Nilai Tukar dan Daya Saing


Nilai Tukar dan Daya Saing
A Prasetyantoko ; PhD Ilmu Ekonomi
dari Ecole Normale Superieure (ENS)-Lyon, Perancis
KOMPAS, 01 Februari 2013



Krisis global memasuki babak baru, ditandai dengan meningkatnya risiko terjadinya perang nilai tukar. Sebenarnya, gejala ini sudah lama terjadi, terutama setelah krisis 2007/2008 lalu. Majalah The Economist edisi Oktober 2010 juga sudah menurunkan liputan utama mengenai currency wars.
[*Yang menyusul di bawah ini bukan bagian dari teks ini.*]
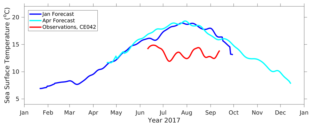 SST was biased high throughout the summer for both the January and April forecasts for 2017 compared to the observations at the OCNMS Cape Elizabeth mooring. On average, the model was ~5 deg C too warm. Forecasted bottom temperatures were also biased warm by 0.5-1 deg C at the same mooring.

Selama ini, pihak yang bertikai terutama adalah Amerika Serikat (AS) dan China. Sementara negara-negara di kawasan euro, seperti Jerman dan Perancis, serta Jepang, cenderung berada di belakang AS. Kini petanya berubah, di mana kali ini Jepang dianggap terlalu berani melakukan kebijakan ekonomi yang bersifat ekspansif. Dampaknya, kepentingan negara-negara maju lainnya terganggu.
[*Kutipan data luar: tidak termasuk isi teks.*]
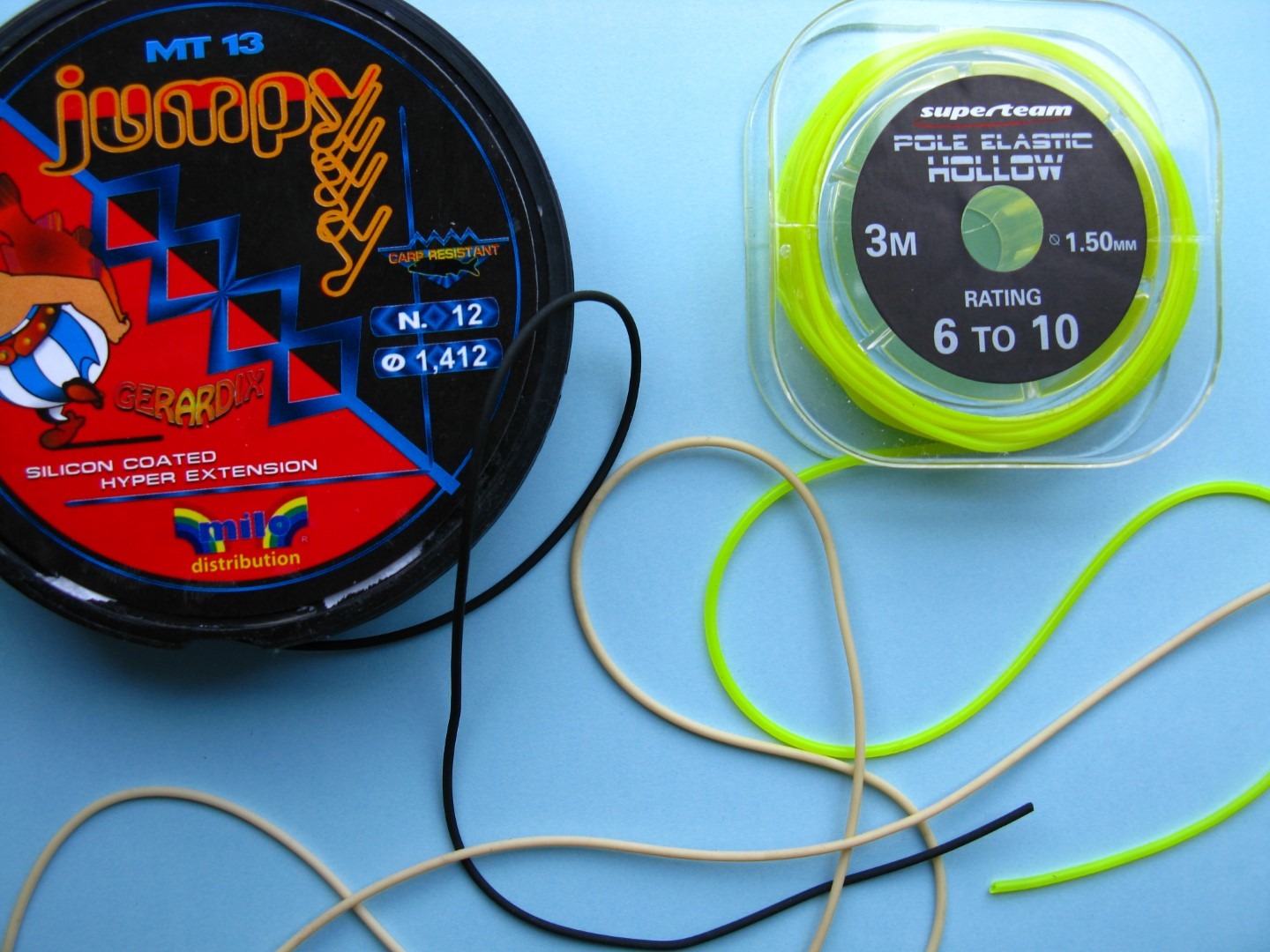 - Silikonske gumice izrađene od nafinijeg latexa (materijala od kojeg se rade i kondomi). One su fantastično mekane i namijenjene izuzetno finom ribolovu najfinijim najlonom i malim udicama. Rastezljivost im je veća i od 800 %. No velika mana im je vrlo kratki vijek trajanja. Doslovno traju vam jedan ribolov.

Perdana Menteri Shinzo Abe yang baru terpilih kembali melakukan gebrakan dalam kebijakan ekonomi melalui paket stimulus senilai 10,3 triliun yen (117 miliar dollar AS). Tujuannya, mencetak lapangan kerja hingga 600.000 serta meningkatkan produk domestik bruto (PDB) sebesar 2 persen. Inflasi juga ditargetkan meningkat menjadi sekitar 2 persen.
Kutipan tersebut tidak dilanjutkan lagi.